The first half of the final season saw Bowen’s character repeatedly turn a cold shoulder to her most devoted suitor, and while Bowen says “Nashville” fans will get closure for Gunnar and Scarlett by the series finale , she teased that it won’t be “what everyone expects.”

“I think it’s so much more important that people actually communicate and understand one another and respect one another,” Bowen says. “[Gunnar has] shown so many times that he does not really respect her, or he’s uncomfortable with how bright a light she could be, and so I think they’re both on their own journey.”

Esten’s character, Deacon, has endured more than his fair share of blows throughout the show’s often merciless plot. Over the course of the series, Deacon has faced alcoholism, liver cancer, newfound paternity, the loss of his sister, and most notably, the loss of his longtime musical and romantic partner, Britton’s Rayna James.
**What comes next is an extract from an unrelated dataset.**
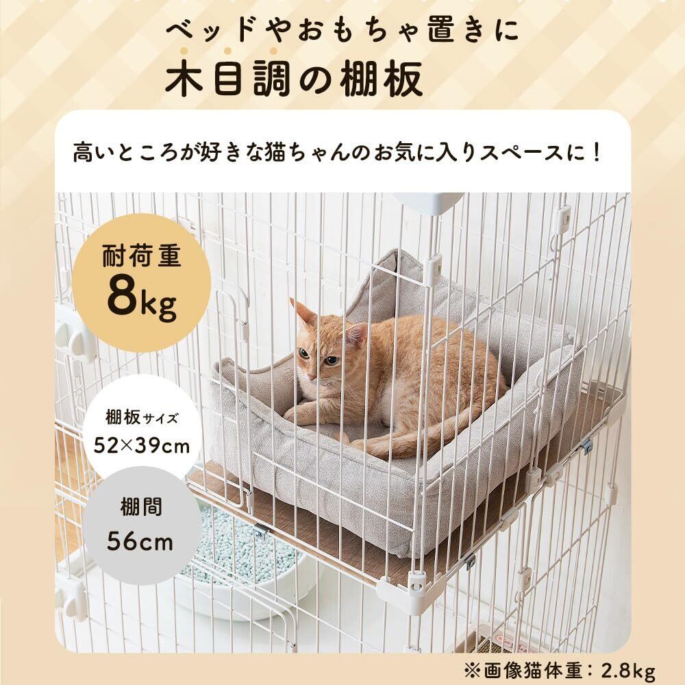 アイリスオーヤマ(IRIS OHYAMA) キャットケージ 2段 キャスター付・簡単組み立て PEC-902V ライトナチュラル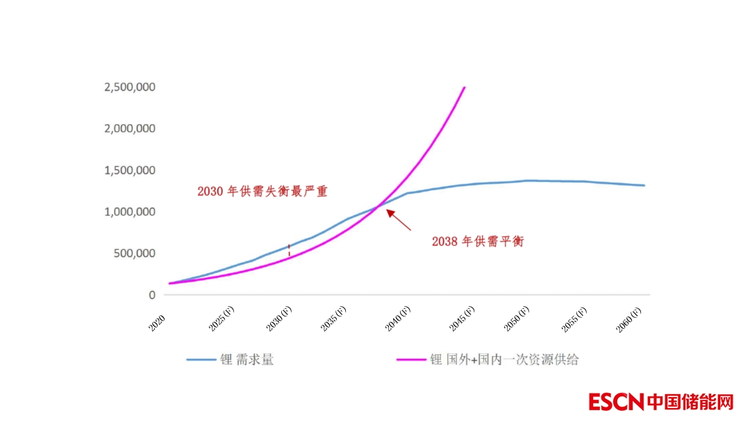 圖2 我國(guó)鋰資源自身供需曲線-考慮回收(LCE噸)

“If my character was a car, the gasoline that he clearly ran on was Rayna James, and so to hear that she wouldn’t be there, it was hard to wrap my head around at first,” Esten says. “I was going through exactly what the character was going through, which is ‘How do I go on? What now?’”
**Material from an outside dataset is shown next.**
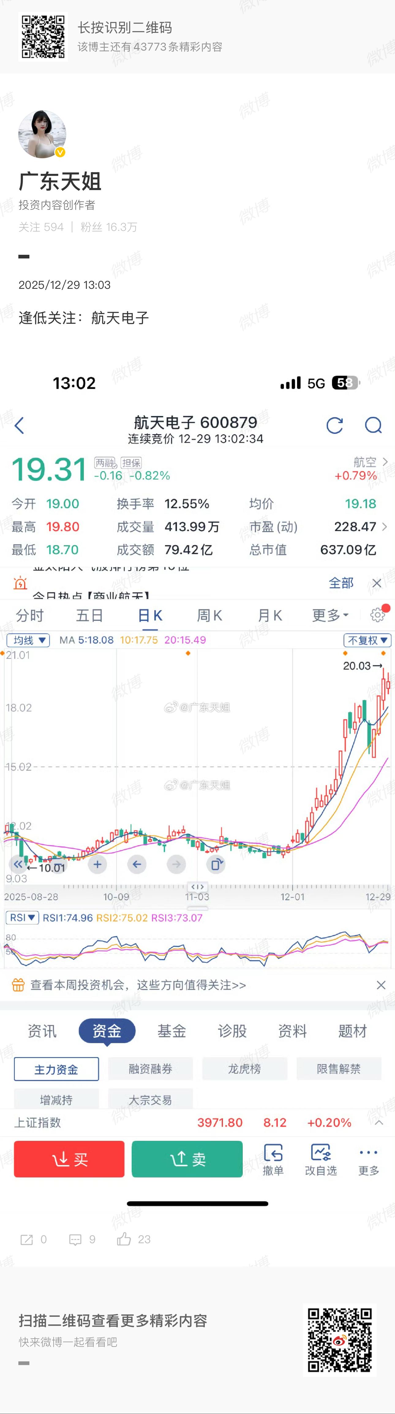 家人们,航天电子自天姐推荐后,到现在收益差不多有30%啦!真心恭喜那些关注直播且抓住机会的粉丝朋友们!要是你们在选股上感觉迷茫,不清楚怎么挑选优质标的,随时私信天姐。天姐愿意带着大家一起,在投资路上共创佳绩。不过最近天姐发现,大家点赞和评论都不太积极呀,这让天姐有点小失落。所以从明天起,天姐就不在微博分享这些内容了,之后只在V+和内圈分享。希望大家理解,也期待在新的地方和大家继续交流投资经验~

Since the program began, Deacon has seldom known reprieve from hardship, and Esten says the remaining episodes will be no different. As the show comes to a close, his character must confront one of his darkest demons yet: his father, who was the catalyst for much of Deacon’s trials.

Instead of just skating to the end there, we go, no, let’s deal with the deepest wound and see if we can get through that,” Esten says. “We could do other story lines, certainly. We have the creativity to do that. But I gotta say, it seems like, if he can get through this, then that would really be a good place to end it.”

Both Esten and Bowen agree that one of the most rewarding aspects of working on a show that tackles dark psychological material is the response from viewers coping with similar situations in their daily lives.

“Storylines are not just storylines, if you do them well,” Esten says. “They are part of people’s lives, so it’s almost incumbent on you to do them as well as you can. There are people who are in recovery; there are people who are fighting cancer; there are people who just lost the one person in their life they could never imagine being without.”

Bowen has had a similar experience through her interactions with fans who have taken inspiration from Scarlett’s journey from shrinking violet to country music superstar.

“The best part of being Scarlett is maybe helping people find the words to voice things that have frightened them for the longest time, and suddenly they’re able to confront them because of this fragile little person on television,” she says.

Besides the show’s hometown and the music , which both actors say have permanently shaped their lives for the better since they started, Esten and Bowen will take with them the community of actors, writers, singers, songwriters and so many more who supported one another through each hurtle the series faced, just as the characters do on the show.

“If you look back at over all the characters, yeah they all wanted that record, that chart-topping hit, that super successful band, that next album, that production company, that label,” Esten says. “But again and again, they learned that maybe what they really needed was to be there for the person that needed them.”

“Nashville” begins airing its last episodes June 7 on CMT.